The average spread expected would be 340/63 ~ 5.4 which is what appears you have with a vaguely standard bell curve.
This would mean that the peak of the coincidence counting has moved position between messages.

I tallied 100 values for for each of x=1 to x=170, which gave me 1700 values. Since I made random messages, spikes could occur anywhere on a coincidence counting chart. So I kept all of the 170 x values for each of 100 charts. There were only a small handful of values that were in the same ballpark as the x=78 value of 19 for the 340.

Hmmm... I wonder if we have a frequency mixing going on...
if you mix (two or more) signals together F1 and F2 then depending on the operation you will get Fout = F1+F2, F1*F2 and every mix and combo imaginable.
I wonder if we are seeing Fout and that we have the Letter frequency and symbol frequency beating together.
This is complicated more by the fact that neither is linear.

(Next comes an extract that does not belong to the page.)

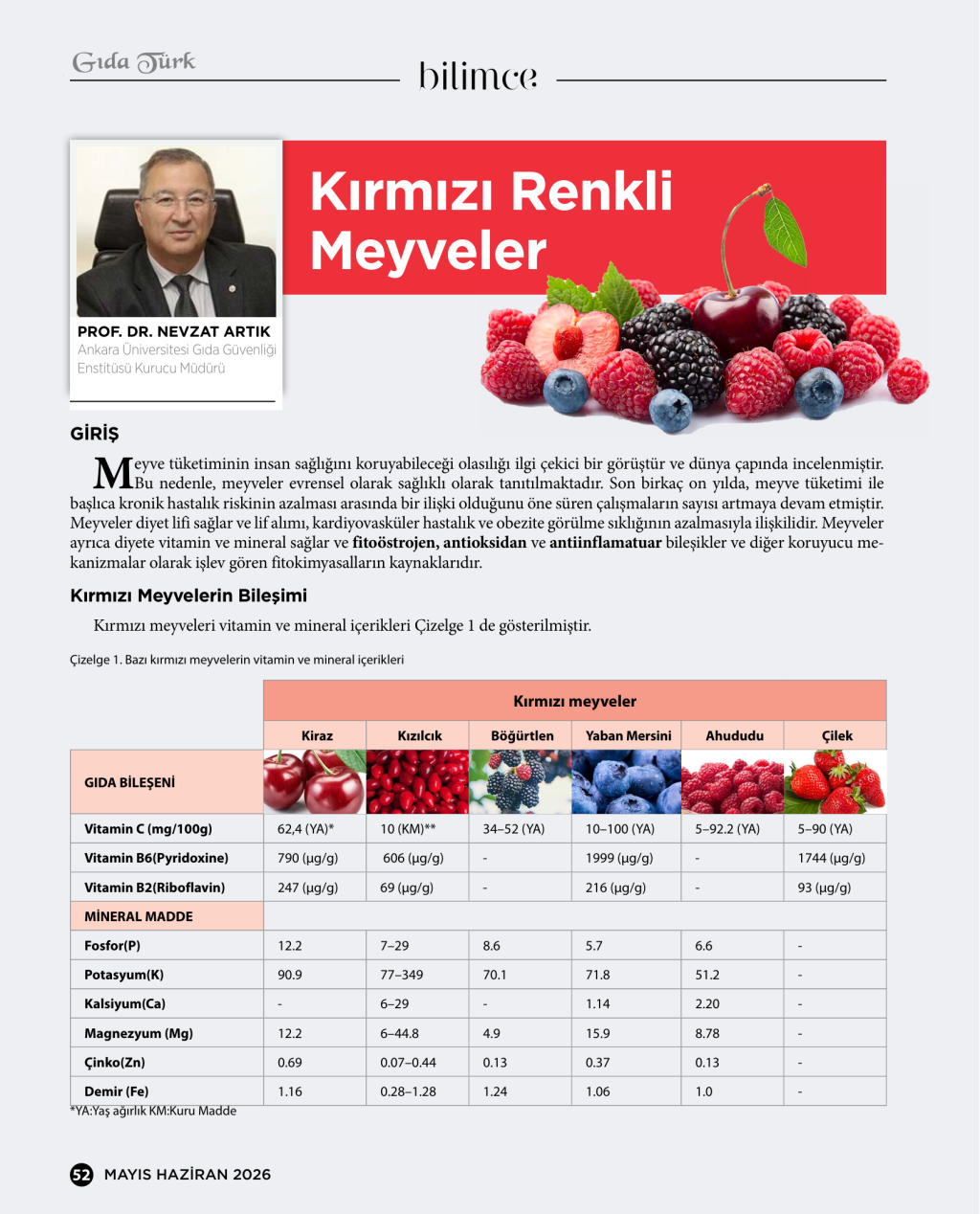 SONUÇ: Günümüzde insanlar sağlıklı beslenmeye çok önem vermektedir. Bu nedenle, özellikle Rosaceae (çilek, ahududu, vişne, böğürtlen ve kiraz) ve Ericaceae (yaban mersini, kızılcık) gibi çeşitli familyalara ait kırmızı meyvelerin tüketimi, sadece yüksek besin değerleri, karakteristik tatları, aromaları ve nutrasötik özellikleri nedeniyle tüketimi önemli ölçüde artmıştır. Kırmızı meyvelerin, vitaminler (A, C ve E vitaminleri), mineraller (kalsiyum, fosfor, demir, magnezyum, potasyum, sodyum, manganez ve bakır), diyet lifi ve antioksidanlar dahil olmak üzere birçok biyoaktif bileşen ve besin maddesinin iyi bir kaynağı olduğu kabul edilmektedir

No idea what you are talking about, but that is o.k. for now.

You guys are doing pretty well compared to some groups and You a pretty wicked with the Excel then
I intended to stick around but like most have limited availability due to work and family life.
In my job i am a hardware engineer but do some programming for hardware bring up and i have only been doing crypto for a short while so i still have plenty learning to go.

There are other groups? No pressure. I have a commute, a full time job, and other commitments. I work on it when I have both the willingness and ability.

[smokie treats]

Alright, on the left are the ciphertext involved with your x=78 spike, and on the right I decided to show the ciphertext that are members of period 39 bigram repeats. You can see the pivots there too, because they are period 39 bigram repeat ciphertext.

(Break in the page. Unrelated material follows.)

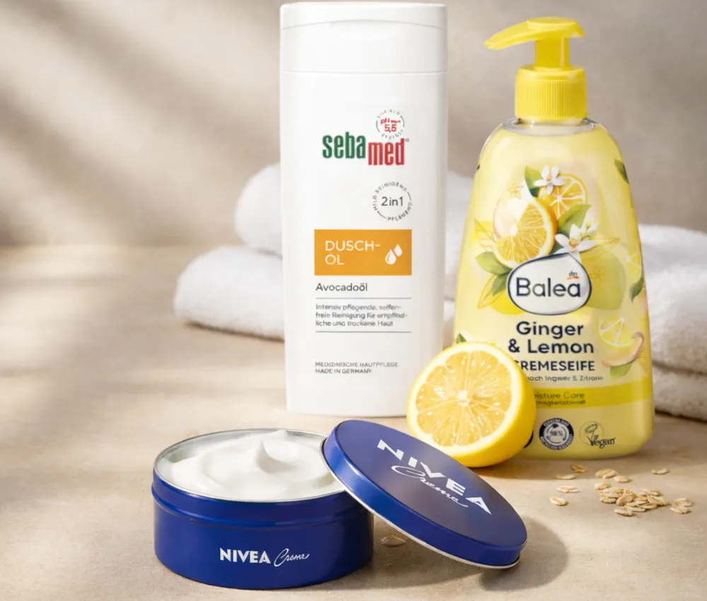 Discover high-quality German bath and body products designed for daily cleansing, hydration and protection. Dermatologically tested formulas — often mineral oil-free and paraffin-free — developed under strict EU standards.

coincidence.counting.4.png

There are 38 ciphertext highlighted on the left, and EDIT 89 highlighted on the right. Counting by eye, I find that they have 20 in common. I have to get going, but I wonder if you generated a set of 38 random numbers between 1 and 340, and another set of 98 random numbers between 1 and 340, would it be difficult to do that and find that the two sets share at least 20 of the numbers in common.

EDIT: I just did what I described in the paragraph above. Except that with random number generating I didn't generate any repeat symbols. I tried 100 shuffles, and there was one shuffle where 18 of the numbers in the set of 38 was also in the set of 98.

[smokie treats]

Hey doranchak, are you out there?

The following discussion is for the Z340.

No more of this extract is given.